Politik Agraria: Siapa yang Diuntungkan, Siapa yang Dikorbankan?

Politik Agraria: Siapa Raya, Siapa Teraniaya?

Politik agraria adalah jantung dari bagaimana sebuah negara mengatur kepemilikan, penggunaan, dan pengelolaan tanah serta sumber daya alam di atasnya. Lebih dari sekadar isu teknis, ini adalah medan perebutan kekuasaan dan kesejahteraan yang menentukan nasib jutaan orang. Di balik setiap kebijakan agraria, selalu ada pertanyaan fundamental: siapa yang diuntungkan dan siapa yang dikorbankan?

Siapa yang Diuntungkan?

Dalam banyak kasus, kebijakan agraria cenderung menguntungkan modal besar dan korporasi. Melalui pemberian konsesi lahan skala luas untuk perkebunan (sawit, karet), pertambangan, atau infrastruktur, mereka mendapatkan akses eksklusif ke sumber daya yang melimpah. Regulasi yang longgar, proses perizinan yang cepat, dan dukungan politik seringkali menjadi jalan tol bagi ekspansi bisnis ini. Elit politik dan pemodal besar yang berafiliasi seringkali menjadi pihak yang "raya" (kaya/berjaya) dari sistem ini, mengumpulkan keuntungan finansial yang signifikan.

Siapa yang Dikorbankan?

Di sisi lain, yang paling sering menjadi korban adalah petani kecil, masyarakat adat, dan kaum tak bertanah. Mereka kehilangan hak atas tanah ulayat atau lahan garapan turun-temurun akibat klaim tumpang tindih, penggusuran paksa, atau kriminalisasi saat mempertahankan haknya. Kehilangan tanah berarti kehilangan mata pencarian, identitas budaya, dan jaminan pangan. Mereka terpinggirkan, terpaksa menjadi buruh upahan di tanah sendiri yang kini dikuasai korporasi, atau bermigrasi ke kota tanpa bekal. Inilah kelompok yang "teraniaya" oleh sistem agraria yang timpang.

Dampak Lebih Luas

Ketimpangan agraria ini tidak hanya menciptakan kesenjangan ekonomi yang parah, tetapi juga memicu konflik sosial yang berkepanjangan dan kerusakan lingkungan. Deforestasi, hilangnya keanekaragaman hayati, dan pencemaran seringkali menjadi efek samping dari eksploitasi lahan yang masif.
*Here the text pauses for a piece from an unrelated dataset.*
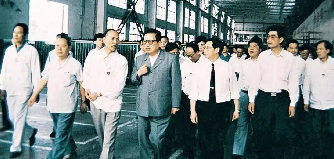 1993年6月,时任全国人大委员长乔石(前排左四)在重庆视察嘉陵集团(图片来源:中国网)

Oleh karena itu, politik agraria yang adil bukan hanya tentang redistribusi tanah, tetapi juga tentang pengakuan hak, perlindungan masyarakat rentan, dan pengelolaan sumber daya yang berkelanjutan. Tanpa itu, setiap jengkal tanah yang digarap hanya akan memperlebar jurang antara mereka yang raya dan mereka yang teraniaya.